For example, the following code uses instanceof to determine whether theDay is a Date object. Because theDay is a Date object, the statements in the if statement execute.

var theDay = new Date(1995, 12, 17);
if (theDay instanceof Date) {
  // statements to execute
}

Operator precedence

The precedence of operators determines the order they are applied when evaluating an expression. You can override operator precedence by using parentheses.

The following table describes the precedence of operators, from highest to lowest.

Operator precedence

Operator type	Individual operators
member	. []
call / create instance	() new
negation/increment	! ~ - + ++ -- typeof void delete
multiply/divide	* / %
addition/subtraction	+ -
bitwise shift	<< >> >>>
relational	< <= > >= in instanceof
equality	== != === !==
bitwise-and	&
bitwise-xor	^
bitwise-or	|
logical-and	&&
logical-or	||
conditional	?:
assignment	= += -= *= /= %= <<= >>= >>>= &= ^= |=
comma	,

A more detailed version of this table, complete with links to additional details about each operator, may be found in JavaScript Reference.

Expressions

An expression is any valid unit of code that resolves to a value.
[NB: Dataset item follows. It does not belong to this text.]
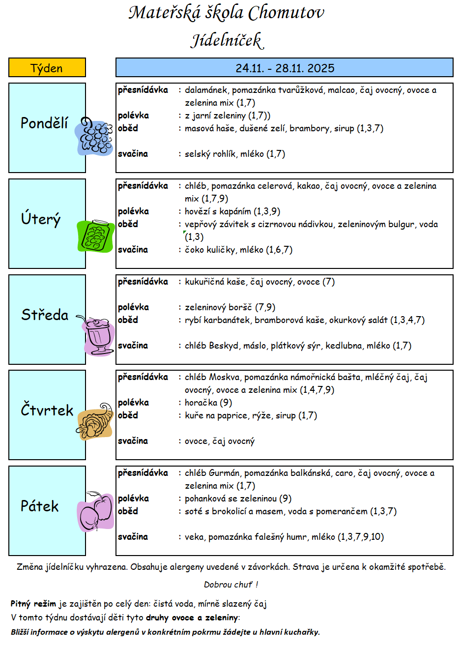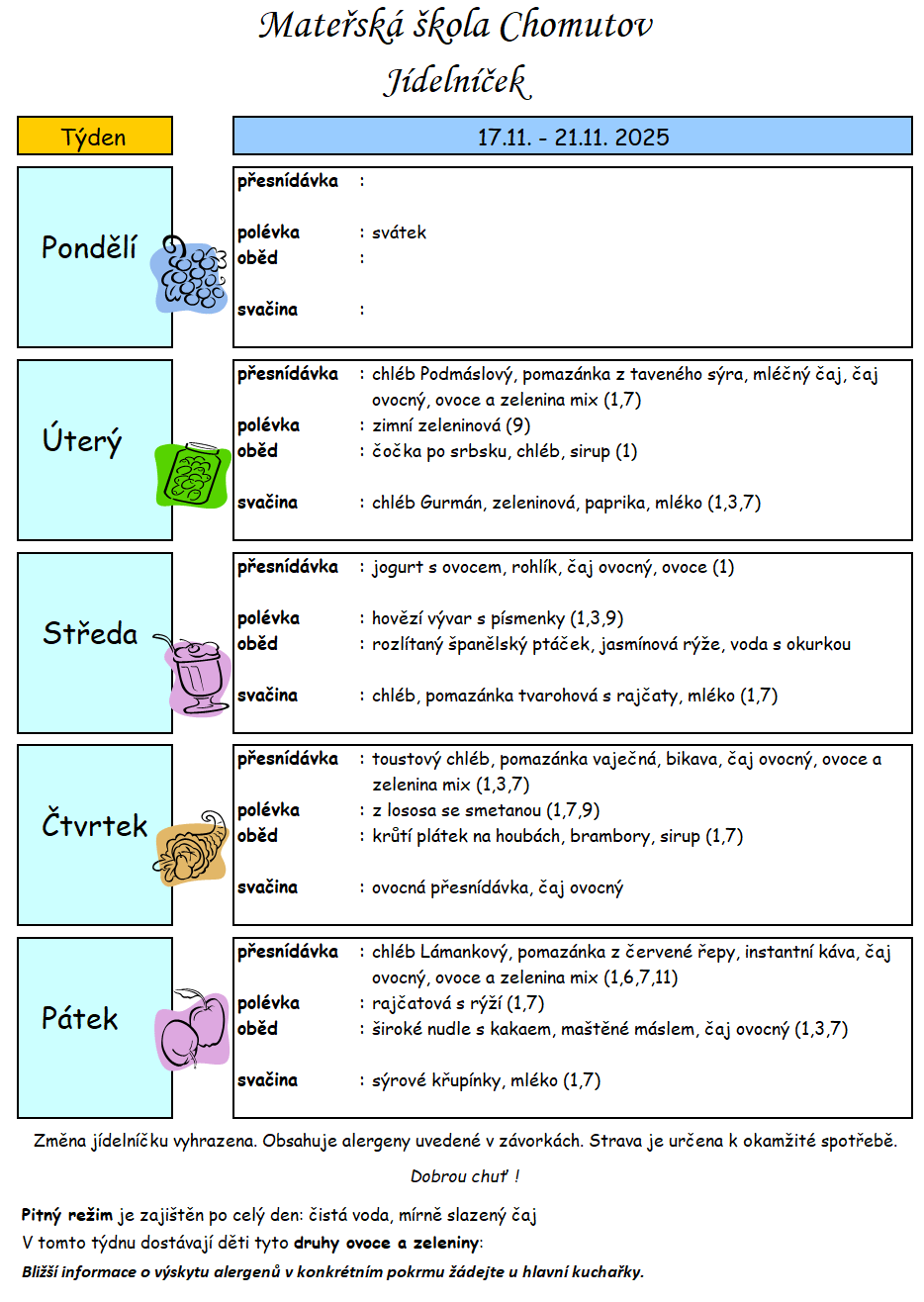 Jídelníček obsahuje alergeny označené v závorce!!!

Every syntactically valid expression resolves to some value but conceptually, there are two types of expressions: with side effects (for example: those that assign value to a variable) and those that in some sense evaluate and therefore resolve to a value.

The expression x = 7 is an example of the first type. This expression uses the = operator to assign the value seven to the variable x. The expression itself evaluates to seven.

The code 3 + 4 is an example of the second expression type. This expression uses the + operator to add three and four together without assigning the result, seven, to a variable.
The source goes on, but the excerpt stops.